→ Brief:
Look in the listing below for the line that has "現以圖4為例闡述電流極限比較", then return it and each following line up to and including the one with "Zdůvodnění: Vpravo je", exactly and without pictures.
[Task input]
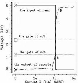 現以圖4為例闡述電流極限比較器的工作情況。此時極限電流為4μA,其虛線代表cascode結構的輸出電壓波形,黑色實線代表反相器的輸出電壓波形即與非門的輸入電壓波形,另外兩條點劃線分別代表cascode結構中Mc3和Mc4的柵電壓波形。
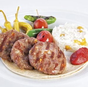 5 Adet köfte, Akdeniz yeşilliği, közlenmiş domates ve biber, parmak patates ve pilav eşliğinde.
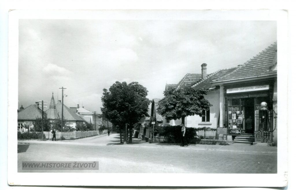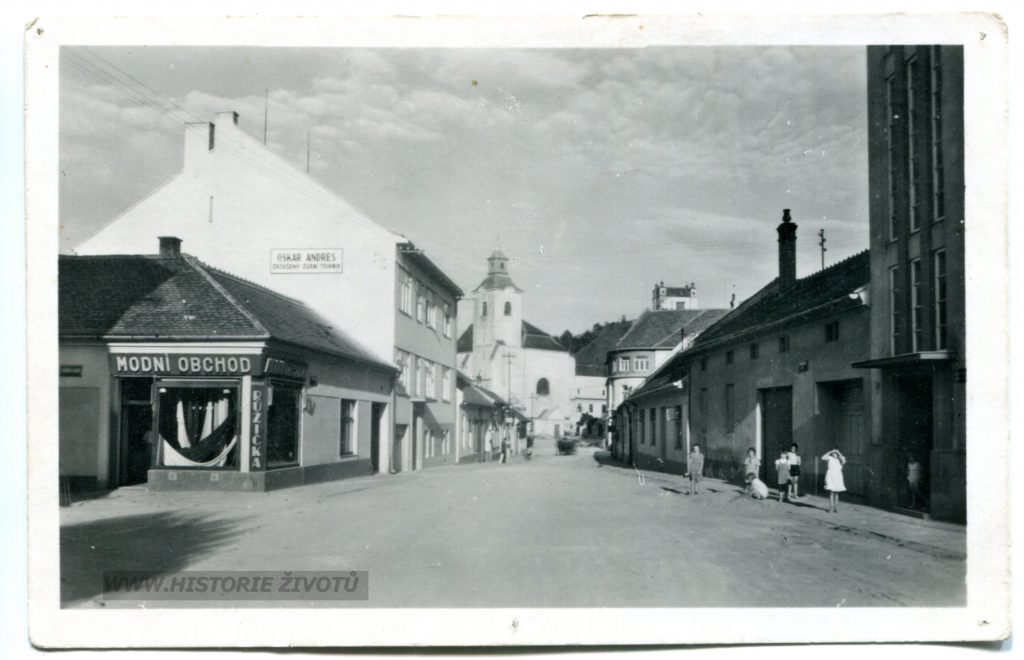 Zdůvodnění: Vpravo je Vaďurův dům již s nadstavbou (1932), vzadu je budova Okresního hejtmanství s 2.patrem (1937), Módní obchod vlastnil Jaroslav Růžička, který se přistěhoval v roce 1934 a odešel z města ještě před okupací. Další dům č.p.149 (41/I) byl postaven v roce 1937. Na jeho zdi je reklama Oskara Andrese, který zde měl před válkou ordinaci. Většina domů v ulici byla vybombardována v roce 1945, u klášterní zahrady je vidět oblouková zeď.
[/Task input]
[Task input]
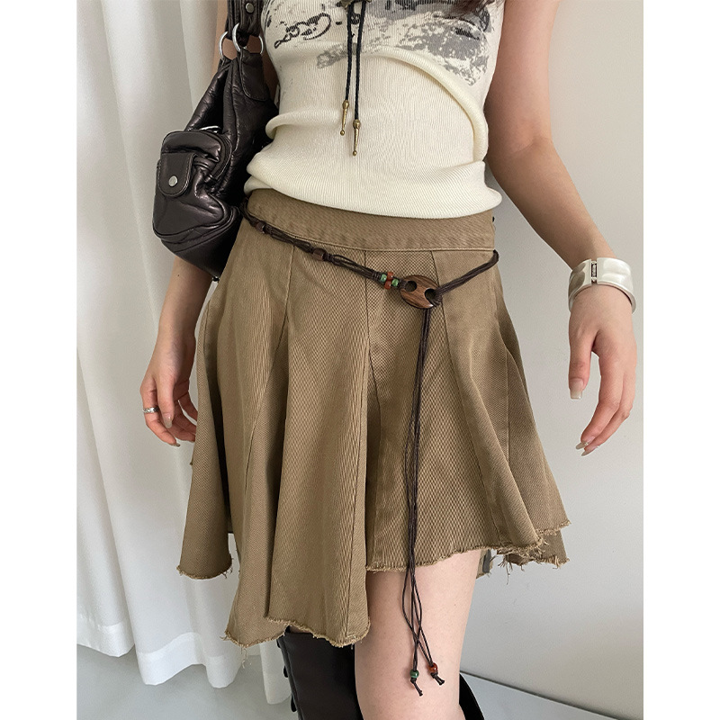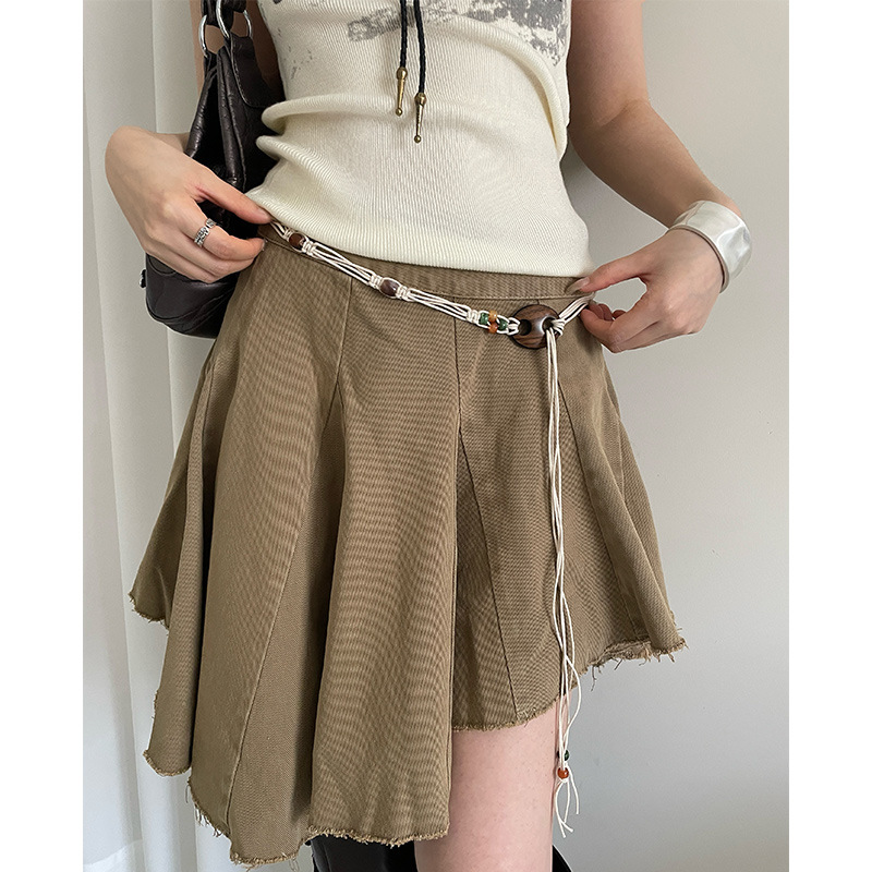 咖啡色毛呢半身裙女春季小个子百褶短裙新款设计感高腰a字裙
[/Task input]
→ Problem solution:
 現以圖4為例闡述電流極限比較器的工作情況。此時極限電流為4μA,其虛線代表cascode結構的輸出電壓波形,黑色實線代表反相器的輸出電壓波形即與非門的輸入電壓波形,另外兩條點劃線分別代表cascode結構中Mc3和Mc4的柵電壓波形。
 5 Adet köfte, Akdeniz yeşilliği, közlenmiş domates ve biber, parmak patates ve pilav eşliğinde.
 Zdůvodnění: Vpravo je Vaďurův dům již s nadstavbou (1932), vzadu je budova Okresního hejtmanství s 2.patrem (1937), Módní obchod vlastnil Jaroslav Růžička, který se přistěhoval v roce 1934 a odešel z města ještě před okupací. Další dům č.p.149 (41/I) byl postaven v roce 1937. Na jeho zdi je reklama Oskara Andrese, který zde měl před válkou ordinaci. Většina domů v ulici byla vybombardována v roce 1945, u klášterní zahrady je vidět oblouková zeď.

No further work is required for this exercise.